3. O Autor foi proprietário do veículo de matrícula (…), Marca Jaguar Land Rover Limite.
4. A Ré, em representação do Autor, vendeu o veículo de matrícula (…), Marca Jaguar Land Rover Limite.
5. Está registada a favor de (…) a propriedade do veículo de matrícula (…), Marca Jaguar Land Rover Limite com reserva de propriedade a favor do Banco (…), S.A..

2. Direito
2.1. Se ocorre erro na forma do processo
A decisão recorrida julgou improcedente a nulidade do erro na forma do processo, em essência, por haver considerado o processo especial de prestação de contas adequado à apreciação do pedido formulado pelo A. [Na sua petição inicial, o Autor alegou que entregou uma procuração à Ré, conferindo-lhe poderes para vender os seus bens e a Ré utilizou a procuração, vendendo alguns dos seus bens. Por força do artigo 1161.º, alínea d), do Código Civil, o Autor tem o direito de exigir a prestação de contas e a Ré tem o dever de as apresentar. Assim, face à factualidade alegada na petição inicial, estão reunidos os pressupostos, previstos no artigo 941.º do Código de Processo Civil para o Autor instaurar uma ação especial de prestação de contas”, considerou-se].
A R. diverge e, em essência, argumenta que o A. pretende a divisão de património em compropriedade e não um mero apuramento de receitas obtidas e despesas realizadas e que o processo especial de divisão de coisa comum é aquele que permite a justa composição do litígio [cclºs 6 e 9].
Apreciando.
De acordo com as formas de processo previstas na lei e sua aplicação, o processo pode ser comum ou especial, aplicando-se o processo especial nos casos expressamente designados na lei e o processo comum a todos os casos a que não corresponda processo especial [artigo 546.º do CPC].
O campo de aplicação do processo comum determina-se por exclusão de partes, aplica-se quando à pretensão deduzida em juízo não corresponda processo especial.

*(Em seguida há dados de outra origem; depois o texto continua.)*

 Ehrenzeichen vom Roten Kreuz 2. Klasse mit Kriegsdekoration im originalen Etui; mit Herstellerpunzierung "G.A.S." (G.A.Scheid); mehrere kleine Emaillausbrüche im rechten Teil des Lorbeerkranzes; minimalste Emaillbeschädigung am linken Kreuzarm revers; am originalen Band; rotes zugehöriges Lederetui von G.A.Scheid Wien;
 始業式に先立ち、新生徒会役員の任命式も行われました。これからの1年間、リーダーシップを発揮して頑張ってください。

E, ensina Alberto dos Reis, “como o fim para que, em cada caso concreto, se faz uso do processo se conhece através da petição inicial, pois que nesta é que o autor formula o seu pedido e o pedido enunciado pelo autor é que designa o fim a que o processo se destina, chega-se à conclusão seguinte: a questão da propriedade ou impropriedade do processo especial é uma questão, pura e simples, de ajustamento do pedido da ação à finalidade para a qual a lei criou o respetivo processo especial.[2]

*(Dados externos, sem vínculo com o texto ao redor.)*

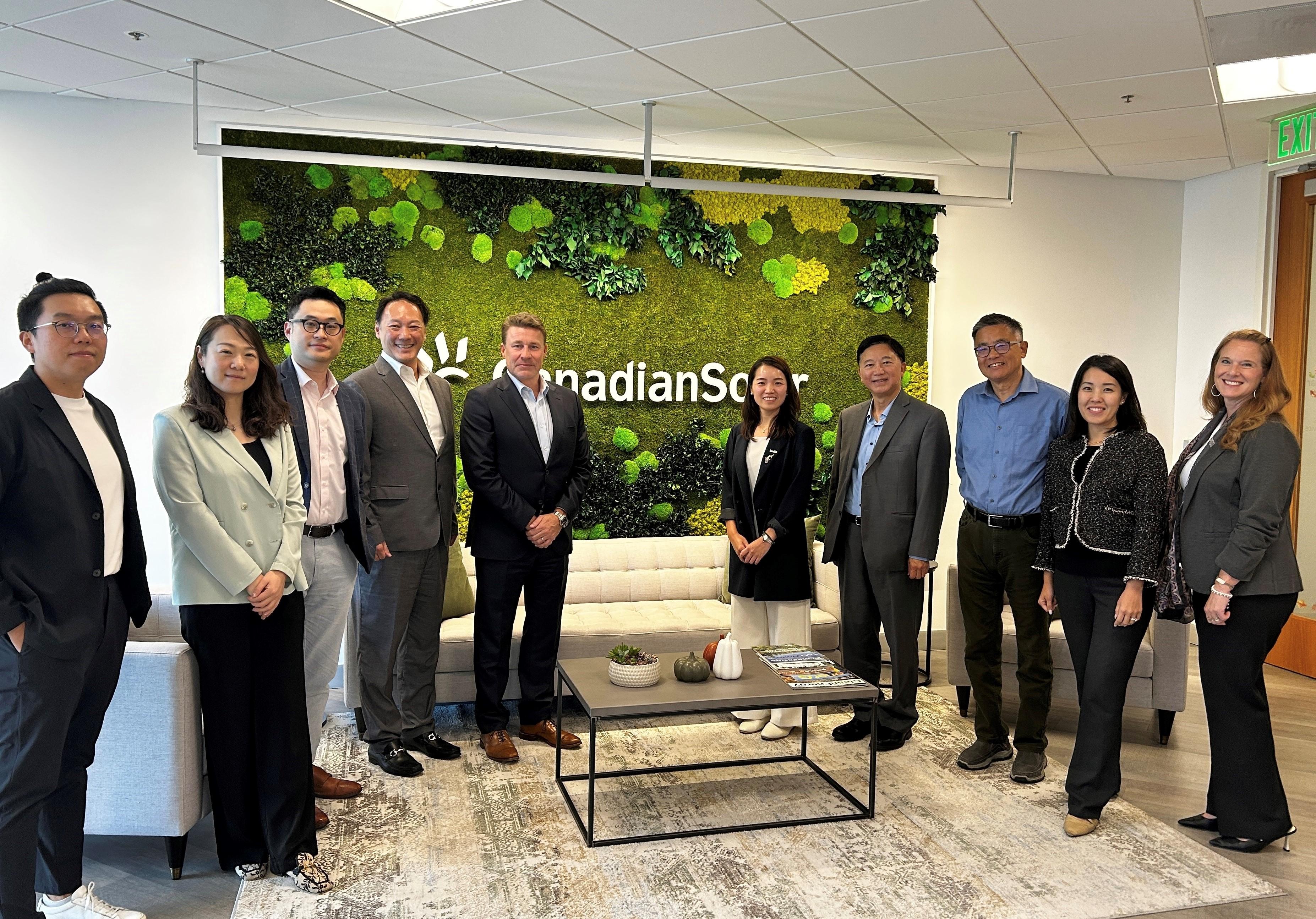 Besides inbound investment promotion, InvestHK also has a strategic mandate in supporting companies with a presence in Hong Kong to "go global". InvestHK visited CSI Solar, one of the world's largest solar technology and renewable energy companies with a presence in 23 countries that is expanding its operations in Hong Kong. During the visit, the team met with senior management from CSI Solar, as well as its subsidiaries EternalPlanet Energy and e-STORAGE.
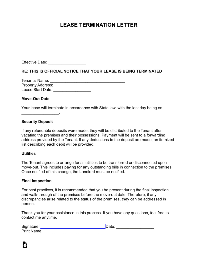Lease Termination Letter | 30-Day Notice to Vacate
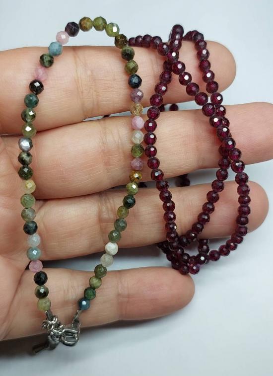 ***วัดใจ***สร้อยโกเมนเจียเหลี่ยม เล่นแสง ขนาดเล็ก 3 mm. ยาว 21 นิ้ว กับข้อมือทัวร์มาลีน Tourmaline ขนาดเล็ก 3 mm |
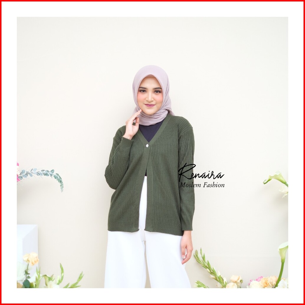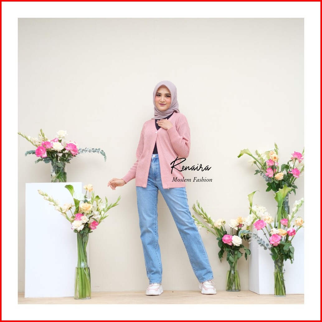 Renaira Cardigan Rajut Basic Kancing Mutiara Rajut Atasan Wanita - Renaira 01
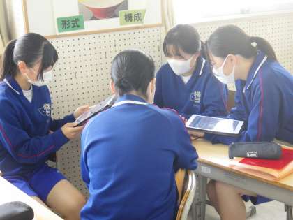 33学級は、音楽の「ブルタバ(モルダウ)」の授業の様子です。好きな場面の紹介文について話し合っていました。「どの場面について話し合っているの?」と聞くと「結婚式の場面です。この場面は優しい音で結婚式の場面が浮かんできます」と返ってきました。情景を思い浮かべながら鑑賞ができていると感じました。
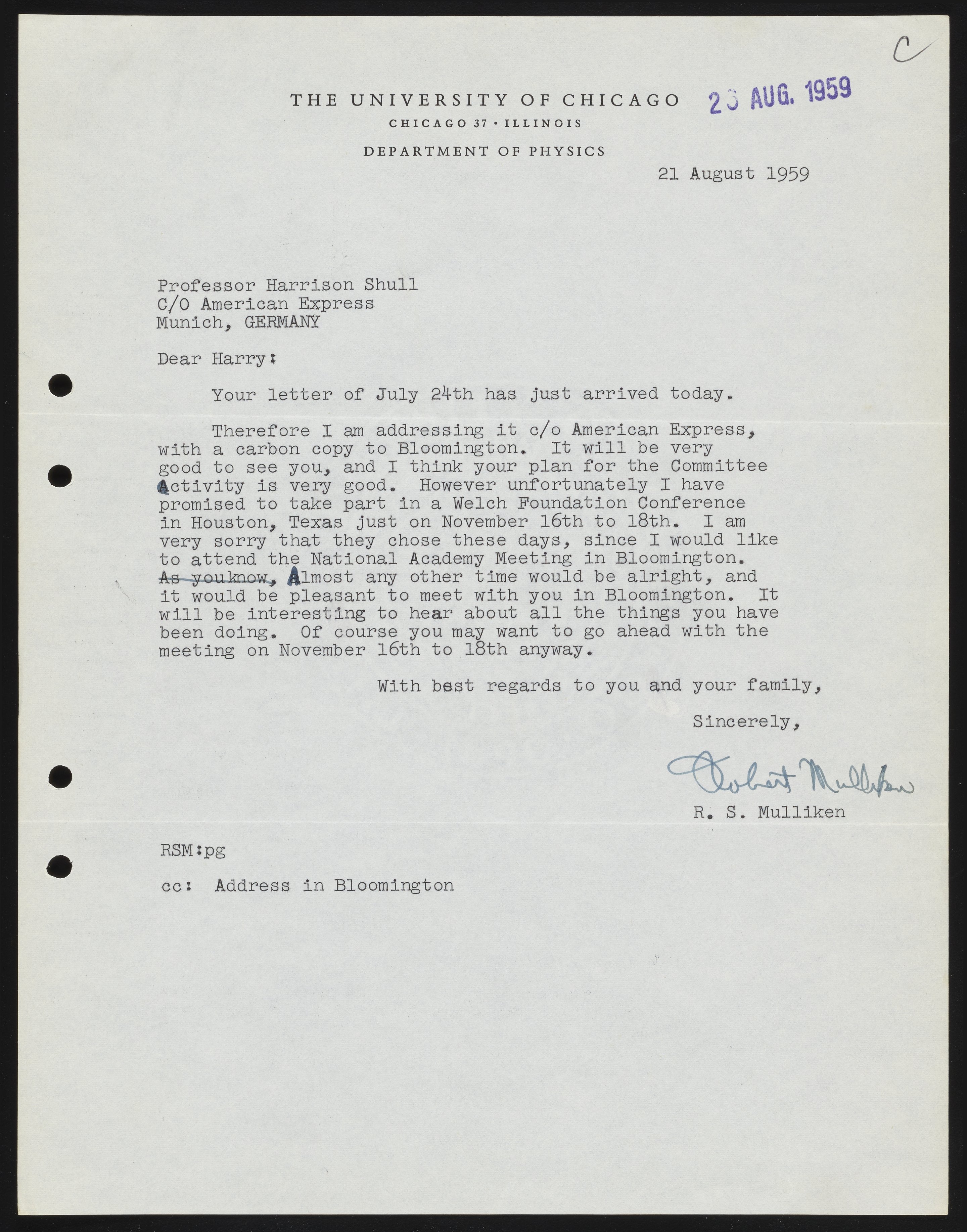 Mulliken, Robert Sanderson. “Letter from Robert S. Mulliken to Harrison Shull, 1959,” August 21, 1959. Robert S. Mulliken & Harrison Shull Correspondence, Box 1. Science History Institute. Philadelphia. https://digital.sciencehistory.org/works/2j62s4919.
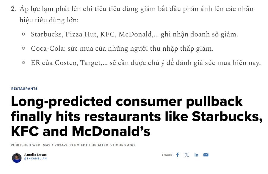 And recently, McDonald is also having to reconsider the USD 5 meal program (like during the 2008 economic crisis) due to the “poverty” situation of the customer segment it serves:
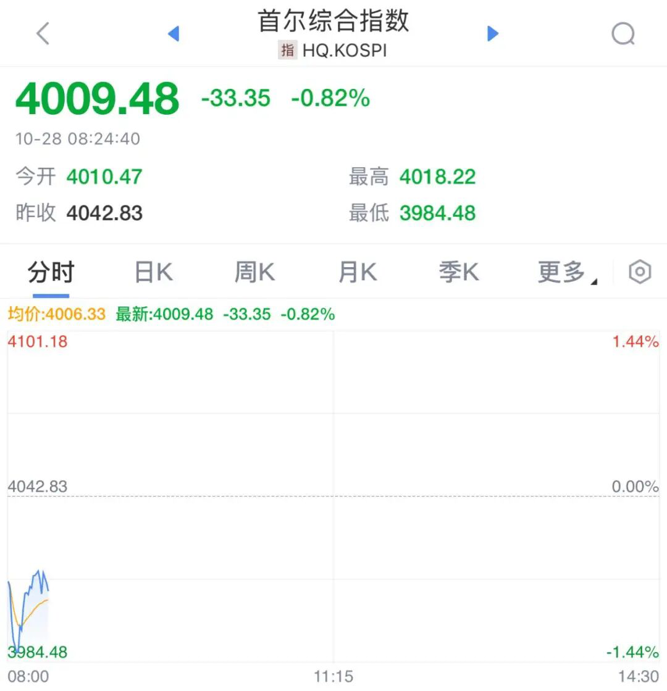 韩国综合股价指数开盘下挫,一度跌超1%,随后震荡拉升。

Mais recentemente, Abrantes Geraldes: “[a] forma de processo escolhida pelo autor deve ser a adequada à pretensão que deduz e determinar-se pelo pedido que é formulado e, adjuvantemente, pela causa de pedir. É em face da pretensão de tutela jurisdicional deduzida pelo autor que deve apreciar-se a propriedade da forma de processo, a qual não é afetada pelas razões que se ligam ao fundo da causa.”[3]
É em face do pedido formulado pelo autor, interpretado se necessário à luz da causa de pedir, que se determina a forma do processo.

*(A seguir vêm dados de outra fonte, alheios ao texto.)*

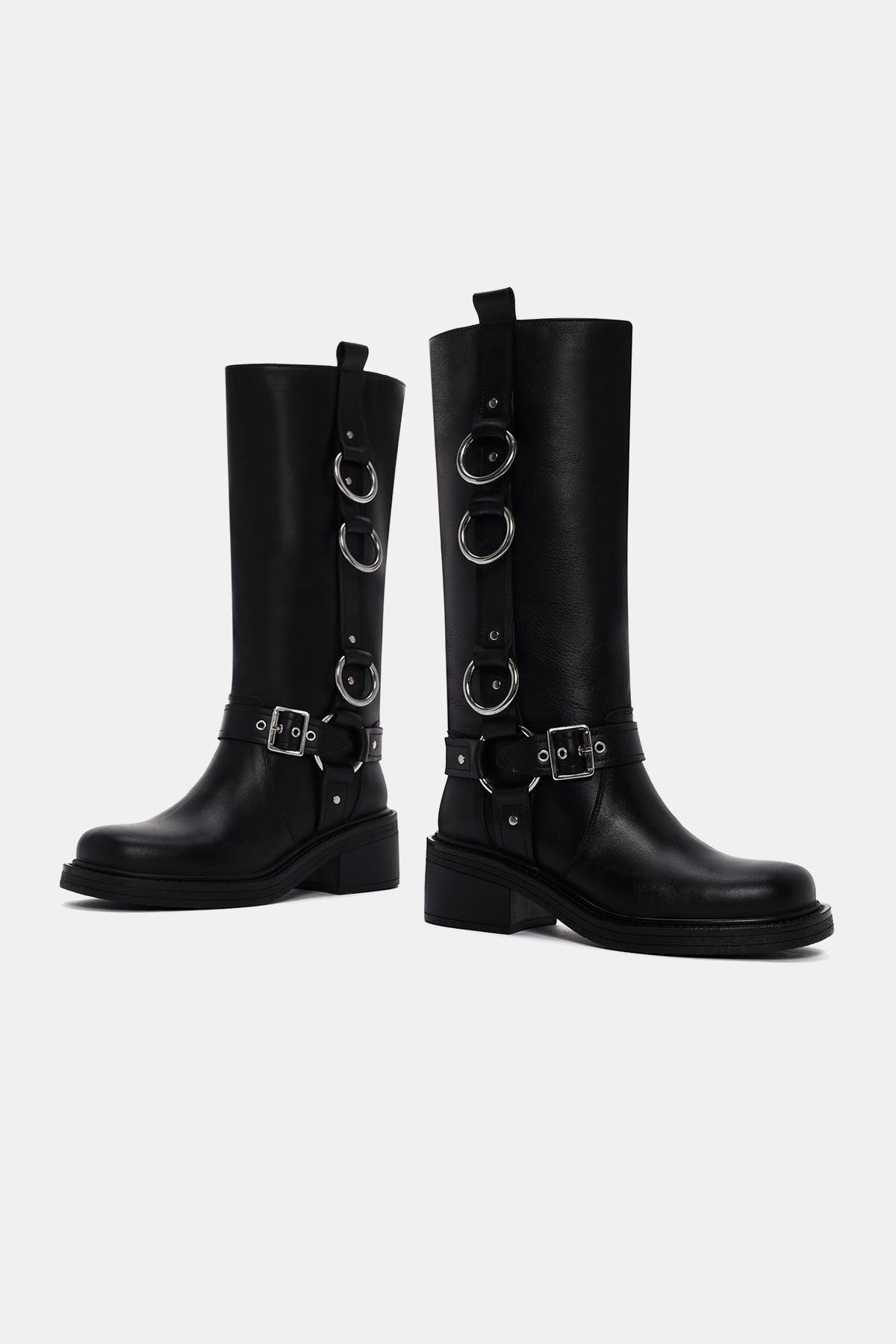 Bestyle markasının karakteristik tasarımlarından biri olan Lasso Kadın Siyah Halka Toka Detaylı Gerçek Deri Biker Çizme, cesur ve modern bir tarza sahiptir. Siyah rengin sade ve şık görünümü, çizmenin her tarza kolayca uyum sağlamasını sağlar. Halka toka detayları, çizmeye dinamik bir hava katarak öne çıkar ve tarzınızı vurgular. Gerçek deri malzemesi ise çizmenin dayanıklılığını ve kalitesini simgeler. Biker tarzının enerjisini ve özgürlüğünü yansıtan bu çizmeler, her adımda dikkat çekmenizi sağlar ve cesur tarzınızı ön plana çıkarır. Bestyle Lasso Kadın Siyah Halka Toka Detaylı Gerçek Deri Biker Çizme, güçlü ve iddialı kadınlar için mükemmel bir seçenektir.
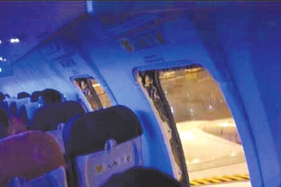 强行打开飞机紧急出口两名乘客被拘
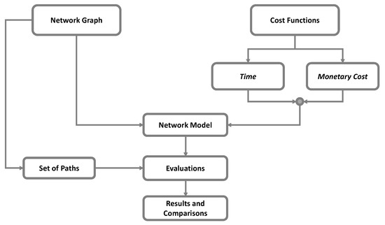 The assessment of path costs can be realized in terms of generalized transport cost or by considering the separately non-homogeneous cost components (time and monetary cost). In the first case, it is possible to have a summary indicator, which is very useful in the comparison of different alternatives. In the second case, instead, the interpretation of phenomena by stakeholders are simplified; in fact, they consider time or monetary cost in relation to the delivery and the freight type. The paths are generated with reference of graph and the related evaluation are realized in terms of:
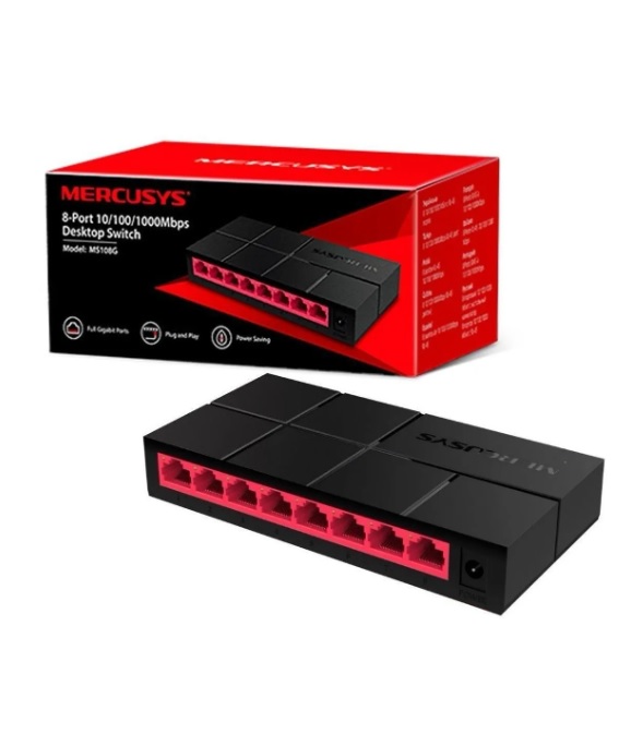 Comparte archivos, impresoras y conexión a Internet con múltiples equipos simultáneamente.Gracias a Mercusys MS108G, podrás conectar diferentes dispositivos a través de sus puertos y optimizar su rendimiento, velocidad y seguridad.

Forma do processo que o autor deve indicar na petição inicial [artigo 552.º, n.º 1, alínea c), do CPC] e em caso de erro, isto é, se a indicação não se mostrar apropriada à pretensão deduzida, deve ser corrigida para que o processo siga a forma adequada, anulando os atos que não possam ser aproveitados e ordenando a prática dos que forem estritamente necessários para que o processo se aproxime, quanto possível, da forma estabelecida pela lei [artigo 193.º, n.º 1, do C.P.C.].
No caso, o A. alegou que, mediante procuração, mandatou a R. para que esta pudesse em seu nome celebrar negócios, com vista à venda do património imobiliário comum e que esta procedeu à venda de um veículo automóvel e levou a efeito a venda consigo mesmo de um imóvel sem lhe prestar contas e pediu a citação da R. para apresentar contas ou contestar o pedido sob pena de não poder deduzir oposição às contas por si apresentadas.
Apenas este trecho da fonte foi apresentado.